The full set of lines below has to be duplicated exactly, with no picture kept.
**** AVAILABLE DATA
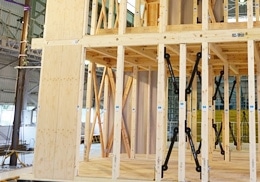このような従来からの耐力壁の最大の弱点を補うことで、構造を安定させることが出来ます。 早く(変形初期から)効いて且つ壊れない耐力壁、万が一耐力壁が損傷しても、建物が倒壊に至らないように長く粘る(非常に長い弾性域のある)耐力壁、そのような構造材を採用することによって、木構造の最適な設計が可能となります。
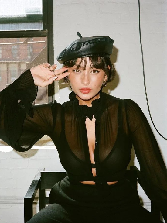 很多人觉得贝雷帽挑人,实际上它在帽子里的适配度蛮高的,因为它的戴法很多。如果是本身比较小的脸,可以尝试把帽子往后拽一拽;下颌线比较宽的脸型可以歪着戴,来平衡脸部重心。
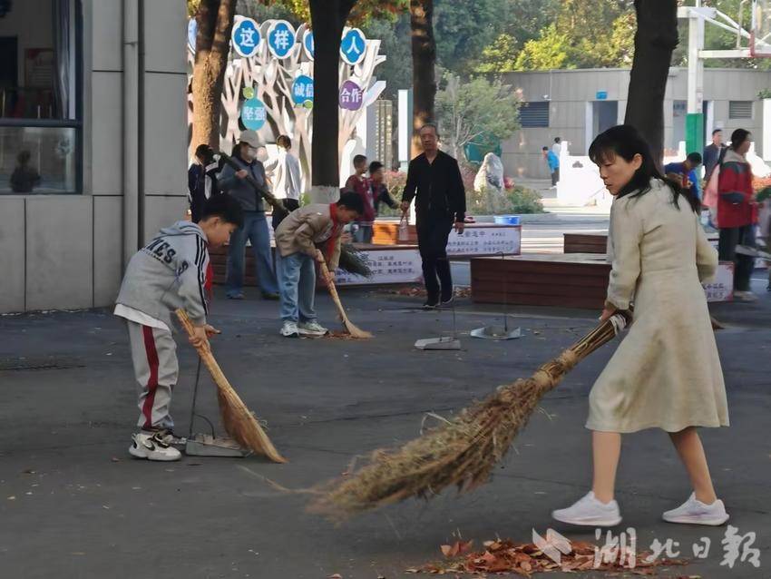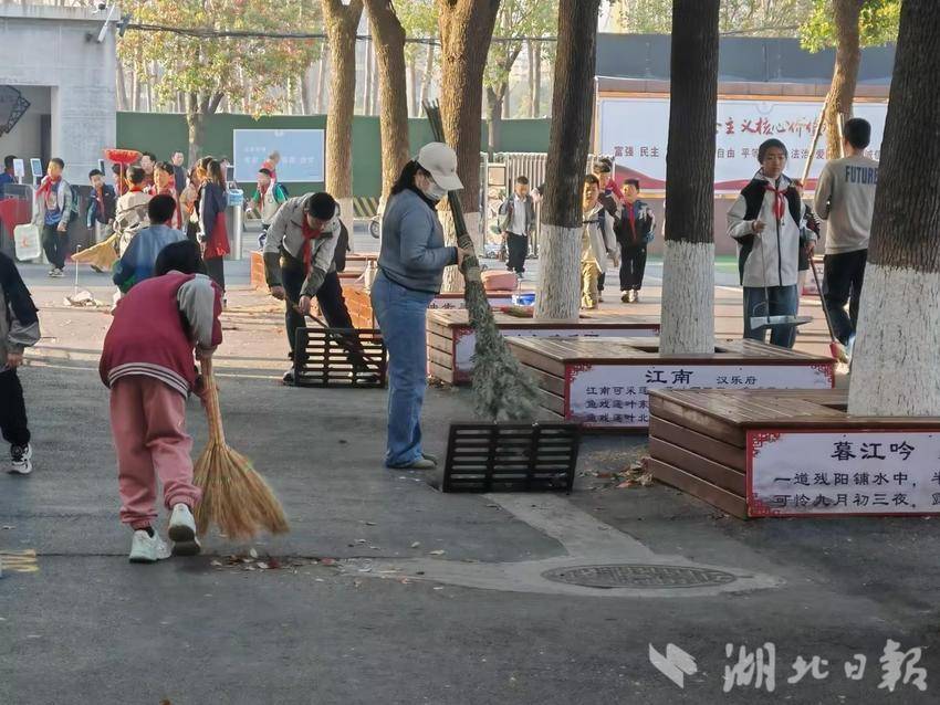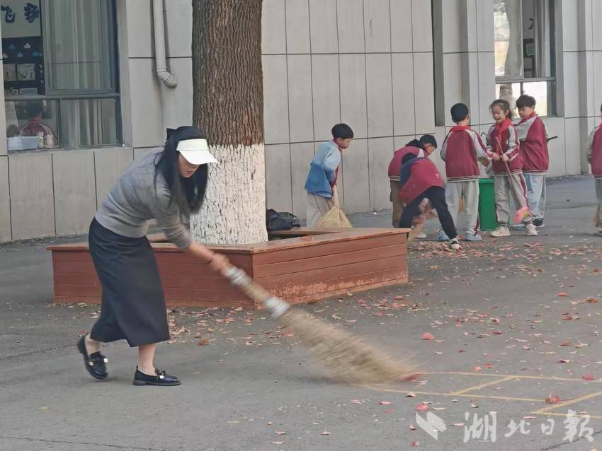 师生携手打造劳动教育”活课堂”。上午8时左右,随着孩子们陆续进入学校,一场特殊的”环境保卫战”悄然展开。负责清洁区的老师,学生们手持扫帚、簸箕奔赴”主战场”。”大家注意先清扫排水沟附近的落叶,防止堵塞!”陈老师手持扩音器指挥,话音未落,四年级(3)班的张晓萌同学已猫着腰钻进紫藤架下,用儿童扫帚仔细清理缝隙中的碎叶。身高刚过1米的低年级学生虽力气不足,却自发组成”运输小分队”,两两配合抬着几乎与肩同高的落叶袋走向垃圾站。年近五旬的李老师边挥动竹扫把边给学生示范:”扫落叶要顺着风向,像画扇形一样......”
********
OUTPUT BELOW —
このような従来からの耐力壁の最大の弱点を補うことで、構造を安定させることが出来ます。 早く(変形初期から)効いて且つ壊れない耐力壁、万が一耐力壁が損傷しても、建物が倒壊に至らないように長く粘る(非常に長い弾性域のある)耐力壁、そのような構造材を採用することによって、木構造の最適な設計が可能となります。
 很多人觉得贝雷帽挑人,实际上它在帽子里的适配度蛮高的,因为它的戴法很多。如果是本身比较小的脸,可以尝试把帽子往后拽一拽;下颌线比较宽的脸型可以歪着戴,来平衡脸部重心。
 师生携手打造劳动教育”活课堂”。上午8时左右,随着孩子们陆续进入学校,一场特殊的”环境保卫战”悄然展开。负责清洁区的老师,学生们手持扫帚、簸箕奔赴”主战场”。”大家注意先清扫排水沟附近的落叶,防止堵塞!”陈老师手持扩音器指挥,话音未落,四年级(3)班的张晓萌同学已猫着腰钻进紫藤架下,用儿童扫帚仔细清理缝隙中的碎叶。身高刚过1米的低年级学生虽力气不足,却自发组成”运输小分队”,两两配合抬着几乎与肩同高的落叶袋走向垃圾站。年近五旬的李老师边挥动竹扫把边给学生示范:”扫落叶要顺着风向,像画扇形一样......”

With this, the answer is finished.